My story is like so many others, I'm sure. I have been large all my life. I remember, I was in 6th grade, I had to have a physical before I could enter junior high school, I weighed in at 154 pounds. I remember I wore size 16 1/2 clothes. My mom was upset with me because during those times it was very hard to find clothes to fit me and I had a sister who was petite and fit.
In high school I tried every diet that I could including pure starvation. I lost a few pounds then those pounds return along with a few more. I hated high school, I was teased every day. I worked at a fast food establishment where I met guys a little older who would ask me out, they would tell me I was beautiful but if I would just lose some weight. I hated myself.
I met someone who had never really had a girlfriend before, he was nice and he accepted me the way I was, you guessed it, I married him. I had 4 children, we were married for almost 18 years when our son died at the age of 5 (1991). My husband and I became closer for a couple of years. I received counseling for the loss of my son, my husband chose not to get counseling. He became a very angry person and emotionally abusive. I ate to compensate. I divorced him in 1999 after seeing how his anger was affecting my daughters. At this time, I weighed 288.

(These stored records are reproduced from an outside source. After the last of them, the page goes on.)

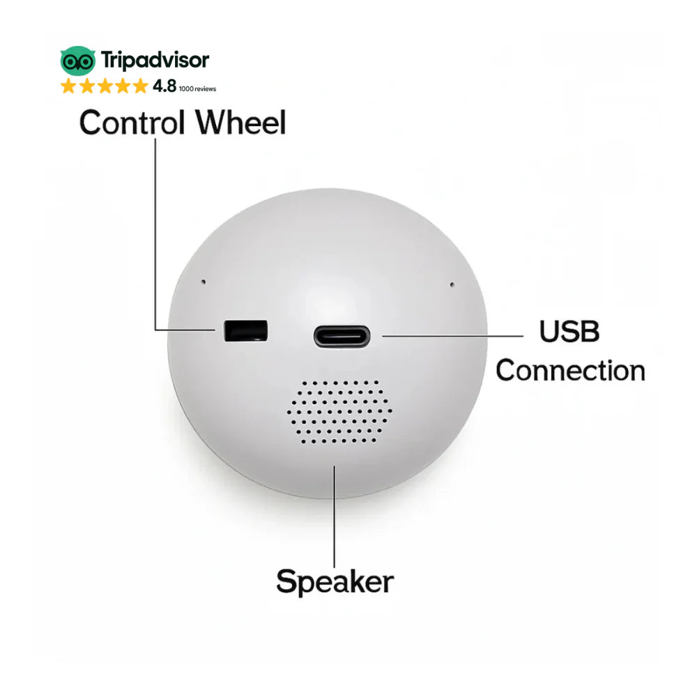 Lightweight and rechargeable, MemOrb travels wherever you go. Whether at home, on a trip, or visiting friends, it transforms any moment into a personal cinematic experience.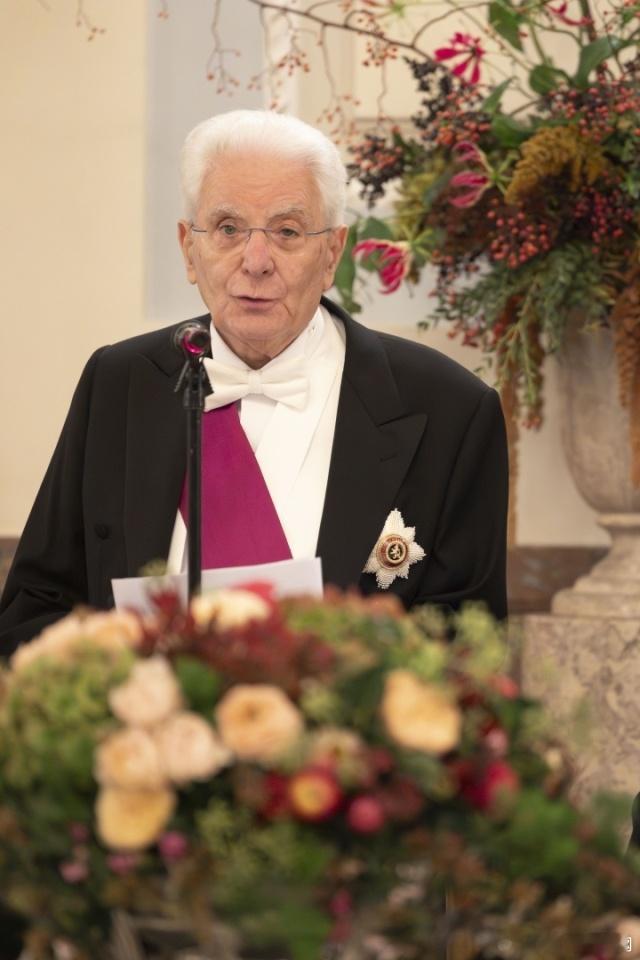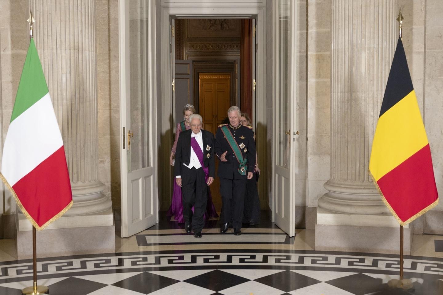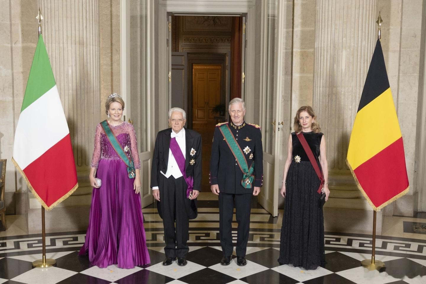 比利时王室 10月20日,意大利总统塞尔焦·马塔雷拉和第一女儿劳拉国事访问比利时王国,菲利普国王和玛蒂尔德王后为他们举办国宴,这次国宴阿斯特里德公主和洛朗王子也受邀出席。世界各国王室[超话] 王后的礼服也是旧的来自阿玛尼,王冠和珠宝就不谈啦。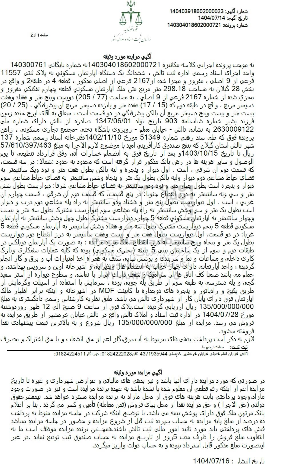شماره پرونده تاریخ آگهی 1404.07.14

Now divorced, I lived in our home with two of my daughters. Money was very tight so my dinners were light. I went down to 260. I started dating men I met through BBW clubs and websites. After 2 yrs of dating I met a wonderful man whom I am now married to for almost 7 yrs.
In 2005, my dad died, I ate to console myself. Also, I was diagnosed with breast cancer, I weighed 317. The surgeon who performed the mastectomy insisted that I lose weight. I knew I had to do it. I knew I had to do it slowly and consistently. In May 2009, I weighed 229, I was so proud of myself. Then, there was a change in my medications and my position I held for 16 years working in education was being eliminated. My world crashed down on me.
I accepted a position at a high school and started working on Sept.1 but I had ballooned to 255. In November, I decided to research bariatric surgery. A previous co-worker went through it and she was doing great, I felt this is what I needed to give me the tool I needed to totally succeed. So....... here I am, ready willing and able to complete my journey to a healthy, painfree, and confident me.